Version Migration Guide
This page contains information about changes between major versions and how you can migrate from one version to another.
Rasa Pro 3.9 to Rasa Pro 3.10
LLM/Embedding Configuration
The LLM and embedding configurations have been updated to use the provider
key instead of the type
key.
These changes apply to all providers, with some examples provided for reference.
Cohere
llm:
provider: "cohere" # instead of "type: cohere"
model: "command-r"
Vertex AI
llm:
provider: "vertex_ai" # instead of "type: vertexai"
model: "gemini-pro"
Hugging Face Hub
llm:
provider: "huggingface" # instead of "type: huggingface_hub"
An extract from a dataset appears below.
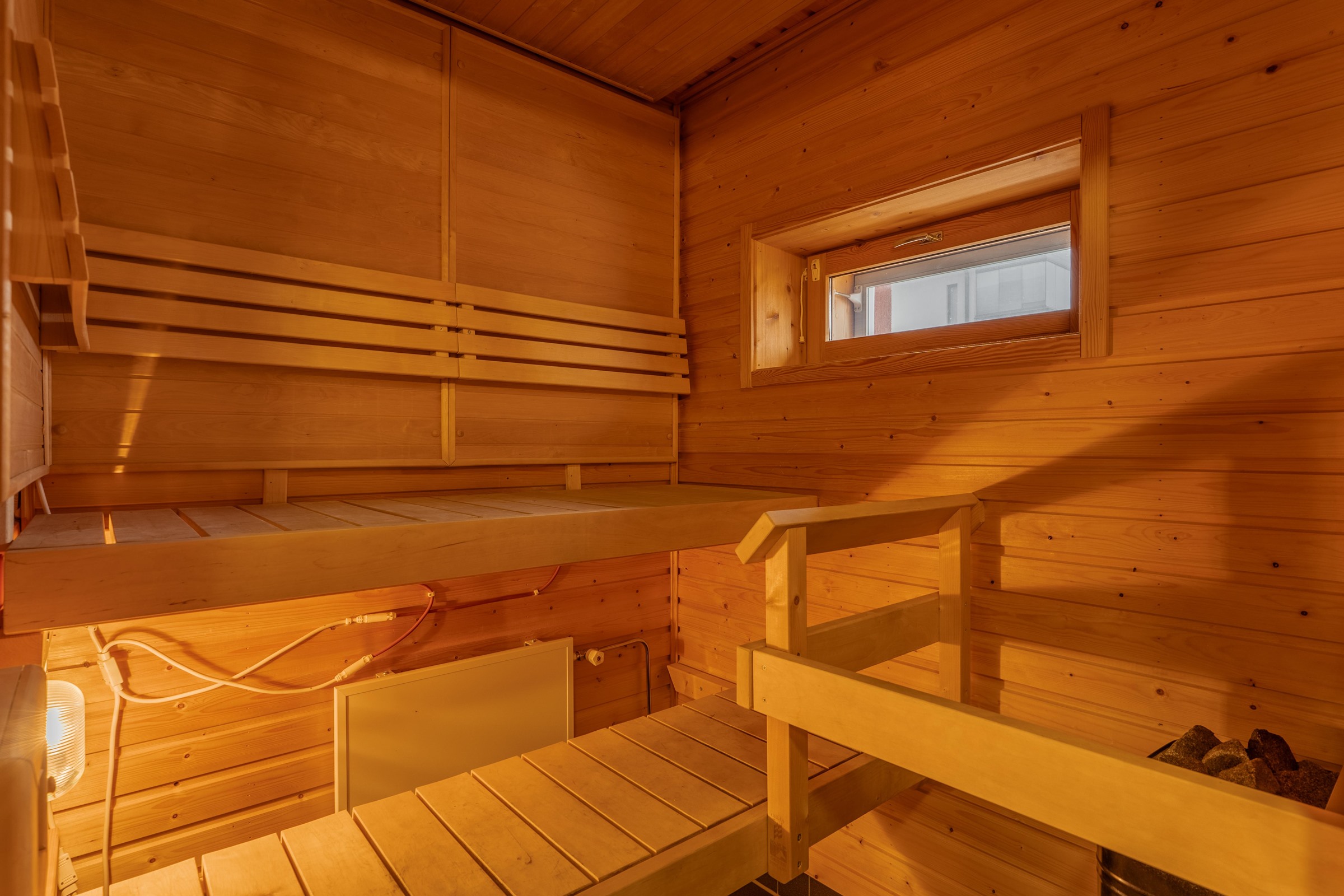 Asunnon mukavuuksiin kuuluu myös oma sauna, jossa on infrapunapaneelit, täydellinen paikka rentoutua ja palautua arjen kiireistä.

model: "HuggingFaceH4/zephyr-7b-beta" # instead of "repo_id: HuggingFaceH4/zephyr-7b-beta"
llama.cpp
The support for loading models directly have been removed. You need to deploy the model to a server and use the server URL to load the model.
For instance a llama.cpp server can be run using the following command,
./llama-server -m your_model.gguf --port 8080
.
For more information on llama.cpp server, refer to the llama.cpp documentation The assistant can be configured as:
llm:
provider: "self-hosted" # instead of "type: llamacpp"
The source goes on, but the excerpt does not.